At times, I felt that Collins seemed inconsistent in his logic, though I may well have misunderstood. (There was plenty that I didn’t fully comprehend in the book’s more technical sections.) For instance, he cautions more than once against a “God of the gaps” approach in which Christians invoke divine action whenever there is something we can’t explain. This makes it embarrassing, even damaging to the faith, when scientific knowledge provides a naturalistic explanation.

Collins writes,

Faith that places God in the gaps of current understanding about the natural world may be headed for crisis if advances in science subsequently fill those gaps. Faced with incomplete understanding of the natural world, believers should be cautious about invoking the divine in areas of current mystery, lest they build an unnecessary theological argument that is doomed to later destruction.

I agree with what he says here. But at the same time, Collins seems to invoke a God of the gaps when he says there is no conceivable natural explanation for the Big Bang, therefore it must be God that’s behind it.

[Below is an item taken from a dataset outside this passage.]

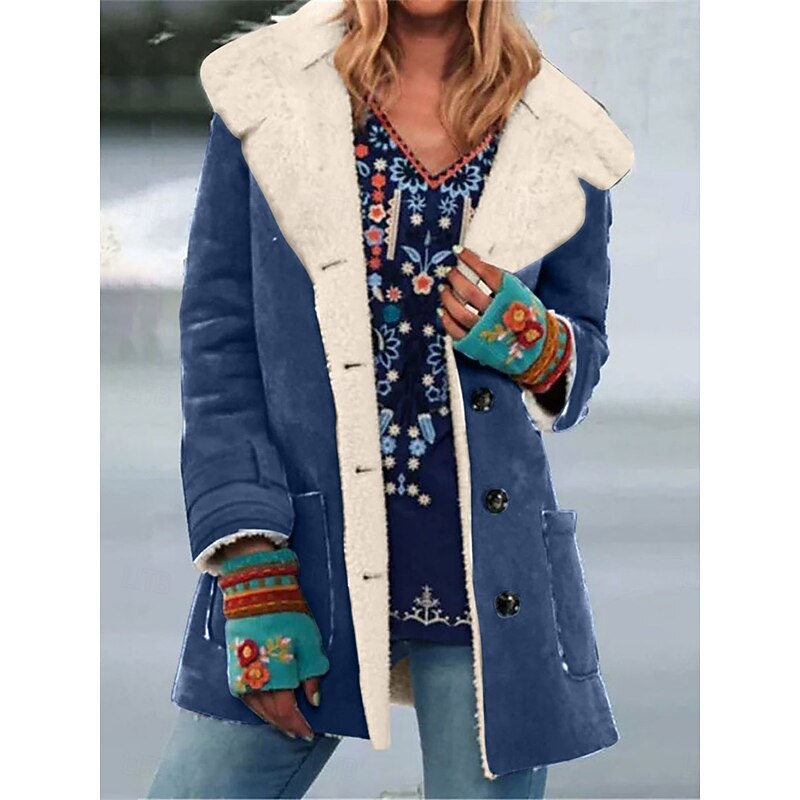 Highlights [Fabric:] Crafted from high-quality polyester, this women's teddy coat offers a warm and breathable experience, perfect for fall and winter seasons. The fleece lining provides exceptional comfort, making it ideal for cooler weather. [Fit:] The coat features a regular fit that flatters various body types, ensuring both style and comfort. Its long sleeves are designed to keep you cozy while maintaining a sleek silhouette. [Design Highlights:] Emphasizing style and functionality, the coat includes a turndown neckline and a single-breasted placket with large, classic buttons. Side pockets offer practical storage while enhancing its casual, laid-back style. [Occasions:] This versatile outerwear is suitable for a range of occasions, including daily wear, vacations, street outings, and casual gatherings. It's the perfect choice for those who want to combine warmth with fashion in their everyday wardrobe. [Size Range:] Available in sizes S, M, L, XL, and 2XL, this coat caters to a variety of figures, ensuring a comfortable fit for everyone.
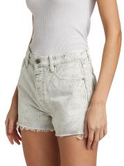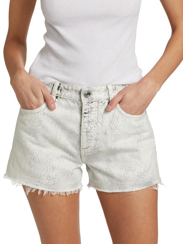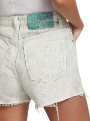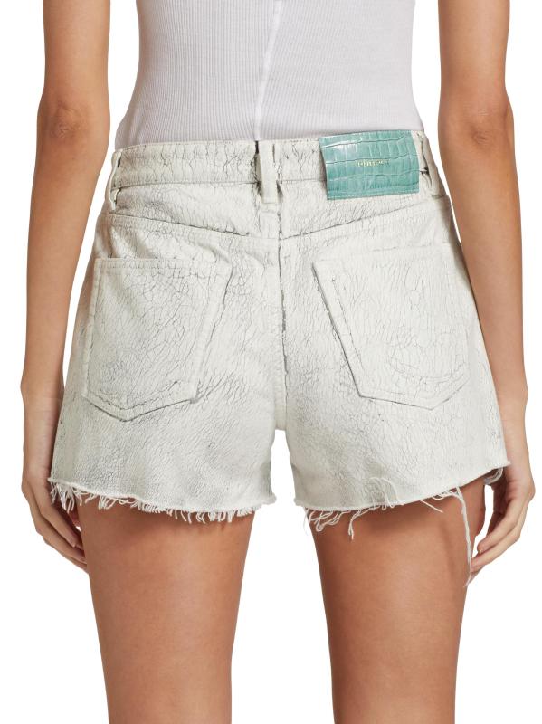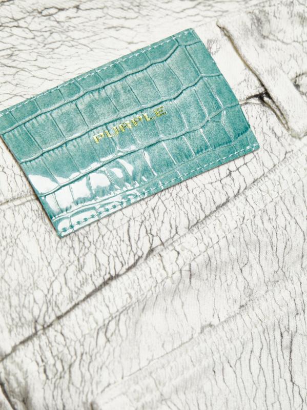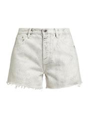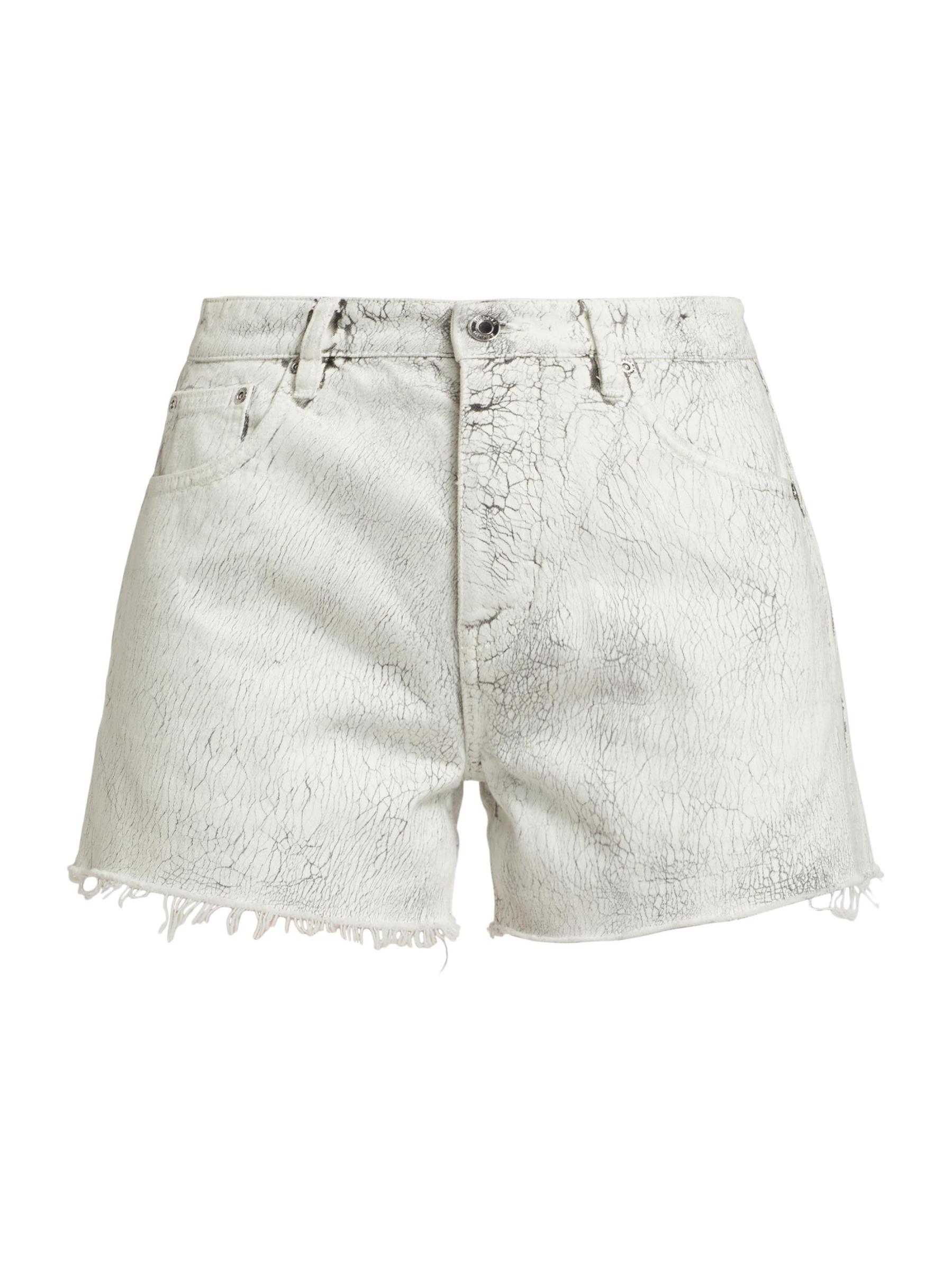 تتميّز شورتات الدنيم من ماركة بيربل براند، المُصممة بخصر مرتفع، بطبعة متشقّقة وحواف مهترئة. تصميم بخمسة جيوب يكمل هذا الزوج.

Conversely, when there are other gaps in our ability to explain things, he is very quick to place science in them. “We now know” and “we are well on the way to understanding” are phrases that repeatedly characterize his statements about scientific knowledge, even though there have been plenty of instances where science gets things wrong and a new discovery forces a complete paradigm shift in some area of knowledge. Collins extols this “self-correcting” quality of scientific investigation. But I would have felt more comfortable if he was a bit more tentative in his claims about scientific knowledge — just as he wants believers to be more tentative in the claims they make about divine intervention in the universe. There is a humility I was listening for that seems somehow to be missing from scientific inquiry.

Collins makes a powerful case for informing ourselves and thinking through issues that may seem polarizing. What he has done in The Language of God takes a lot of courage. He has set forth his faith in a way that makes it possible for those who don’t share it to wage assaults, and from the other reviews I’ve read of this book it’s apparent that some have done so. In spelling out his views on the relationship between science and his faith, Collins has risked offending all sides of this highly charged issue. In many ways, he is dealing in subjects close to his heart. Whether you’re in agreement with him, or opposed, or simply up in the air, this book provides a framework for thinking that’s sure to challenge and inspire.